**DATA**:
^^^^
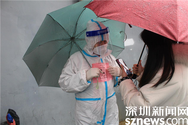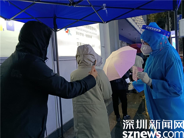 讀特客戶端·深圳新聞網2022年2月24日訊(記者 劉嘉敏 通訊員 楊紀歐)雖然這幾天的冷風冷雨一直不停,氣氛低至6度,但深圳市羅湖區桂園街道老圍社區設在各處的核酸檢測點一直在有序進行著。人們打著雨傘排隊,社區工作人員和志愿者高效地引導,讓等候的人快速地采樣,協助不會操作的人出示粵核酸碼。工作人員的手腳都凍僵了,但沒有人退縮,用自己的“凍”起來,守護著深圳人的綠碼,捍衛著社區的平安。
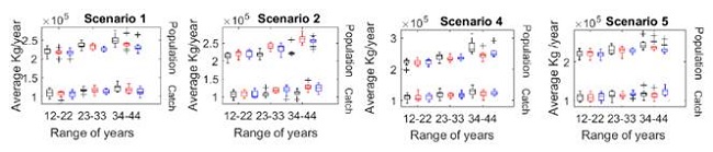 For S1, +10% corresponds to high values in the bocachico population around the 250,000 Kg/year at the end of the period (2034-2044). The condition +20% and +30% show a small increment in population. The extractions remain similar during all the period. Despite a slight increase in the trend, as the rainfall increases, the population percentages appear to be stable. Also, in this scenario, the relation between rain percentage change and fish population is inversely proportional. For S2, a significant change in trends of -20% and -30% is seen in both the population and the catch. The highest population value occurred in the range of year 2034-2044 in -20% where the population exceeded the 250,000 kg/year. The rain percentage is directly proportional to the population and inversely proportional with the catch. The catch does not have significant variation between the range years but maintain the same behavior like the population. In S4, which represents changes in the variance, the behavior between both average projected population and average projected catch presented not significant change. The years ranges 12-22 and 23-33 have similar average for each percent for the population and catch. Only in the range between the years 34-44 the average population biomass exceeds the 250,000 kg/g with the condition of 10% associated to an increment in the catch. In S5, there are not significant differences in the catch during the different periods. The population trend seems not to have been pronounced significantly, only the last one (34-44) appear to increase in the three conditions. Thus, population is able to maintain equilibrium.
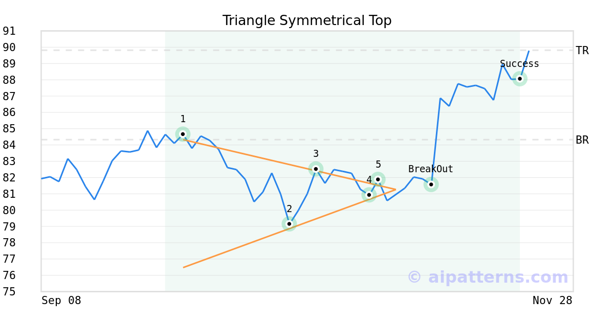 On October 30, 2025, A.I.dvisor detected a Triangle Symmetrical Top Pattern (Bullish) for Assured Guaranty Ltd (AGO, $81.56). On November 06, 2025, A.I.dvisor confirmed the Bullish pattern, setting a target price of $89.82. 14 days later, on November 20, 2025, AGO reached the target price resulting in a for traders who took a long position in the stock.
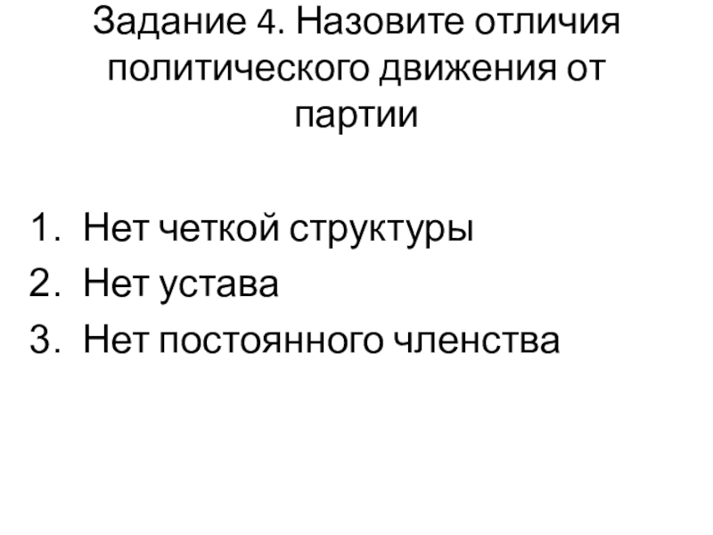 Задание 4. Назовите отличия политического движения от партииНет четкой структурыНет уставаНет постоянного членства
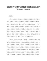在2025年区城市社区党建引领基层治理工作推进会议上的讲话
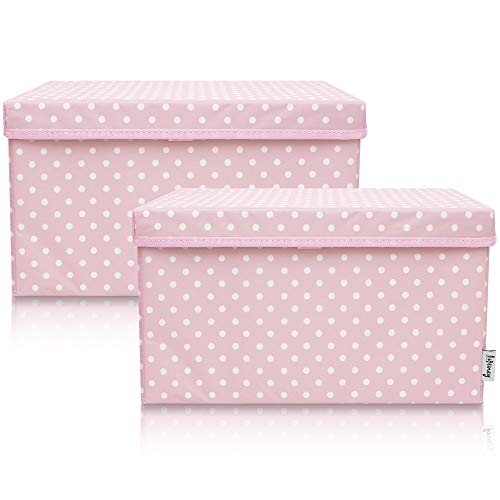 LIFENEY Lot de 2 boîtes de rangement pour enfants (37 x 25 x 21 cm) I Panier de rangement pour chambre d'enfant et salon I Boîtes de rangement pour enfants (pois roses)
^^^^
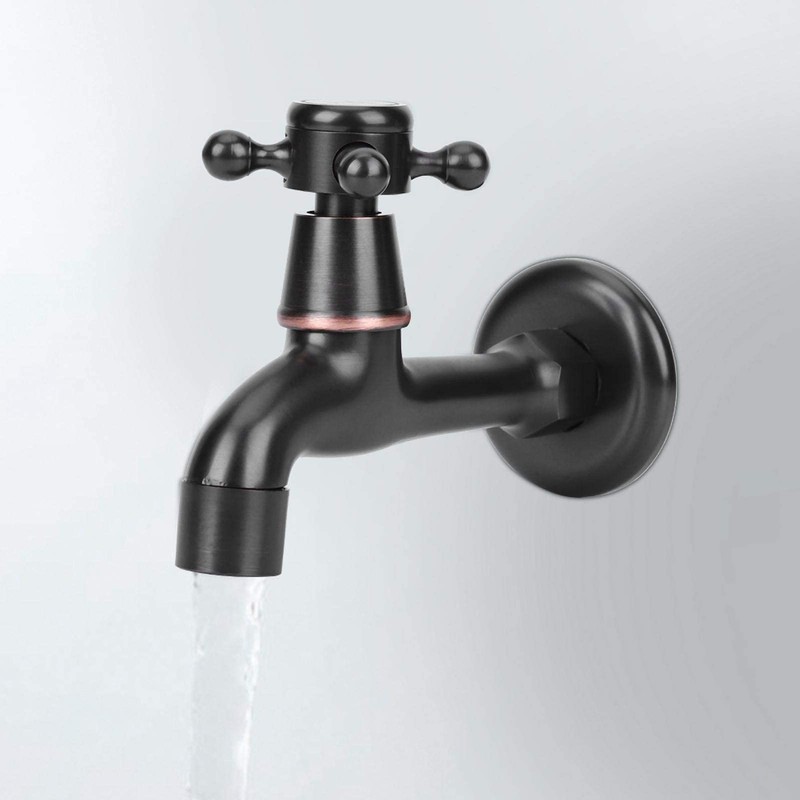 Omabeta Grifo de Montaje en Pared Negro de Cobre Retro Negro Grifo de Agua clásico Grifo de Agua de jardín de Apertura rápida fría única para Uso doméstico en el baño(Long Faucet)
^^^^
**TASK DESCRIPTION**: Your answer should be the exact lines above from the one containing "On October 30, 2025, A.I.dvisor" through the one containing "LIFENEY Lot de", with both end lines kept and the pictures removed, please.

**TASK RESPONSE**:
 On October 30, 2025, A.I.dvisor detected a Triangle Symmetrical Top Pattern (Bullish) for Assured Guaranty Ltd (AGO, $81.56). On November 06, 2025, A.I.dvisor confirmed the Bullish pattern, setting a target price of $89.82. 14 days later, on November 20, 2025, AGO reached the target price resulting in a for traders who took a long position in the stock.
 Задание 4. Назовите отличия политического движения от партииНет четкой структурыНет уставаНет постоянного членства
在2025年区城市社区党建引领基层治理工作推进会议上的讲话
 LIFENEY Lot de 2 boîtes de rangement pour enfants (37 x 25 x 21 cm) I Panier de rangement pour chambre d'enfant et salon I Boîtes de rangement pour enfants (pois roses)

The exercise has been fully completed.